- Coat of arms
- Interactive map of Gmina Rossosz
- Coordinates (Rossosz): 51°51′N 23°8′E﻿ / ﻿51.850°N 23.133°E
- Country: Poland
- Voivodeship: Lublin
- County: Biała County
- Seat: Rossosz

Area
- • Total: 76.12 km^{2} (29.39 sq mi)

Population (2014)
- • Total: 2,331
- • Density: 30.62/km^{2} (79.31/sq mi)

= Gmina Rossosz =

Gmina Rossosz is a rural gmina (administrative district) in Biała County, Lublin Voivodeship, in eastern Poland. Its seat is the village of Rossosz, which lies approximately 21 km south of Biała Podlaska and 78 km north-east of the regional capital Lublin.

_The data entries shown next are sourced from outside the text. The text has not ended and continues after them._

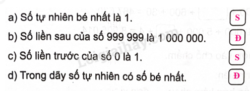 Dựa vào kiến thức về dãy số tự nhiên em xác định tính đúng, sai của mỗi câu.
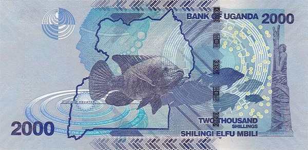 - 2,000 шиллингов: Голубой — Памятник Джону Спику, исток Нила; рыбы
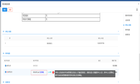 中標人進入合同頁面后點擊合同正文中的附件并完成簽章,簽章完成后點擊通過按鈕即可將流程提交給中心人員。

The gmina covers an area of 76.12 km2, and as of 2006 its total population is 2,404 (2,331 in 2014).

==Villages==
Gmina Rossosz contains the villages and settlements of Bordziłówka, Kożanówka, Mokre, Musiejówka, Romaszki and Rossosz.

==Neighbouring gminas==
Gmina Rossosz is bordered by the gminas of Komarówka Podlaska, Łomazy and Wisznice.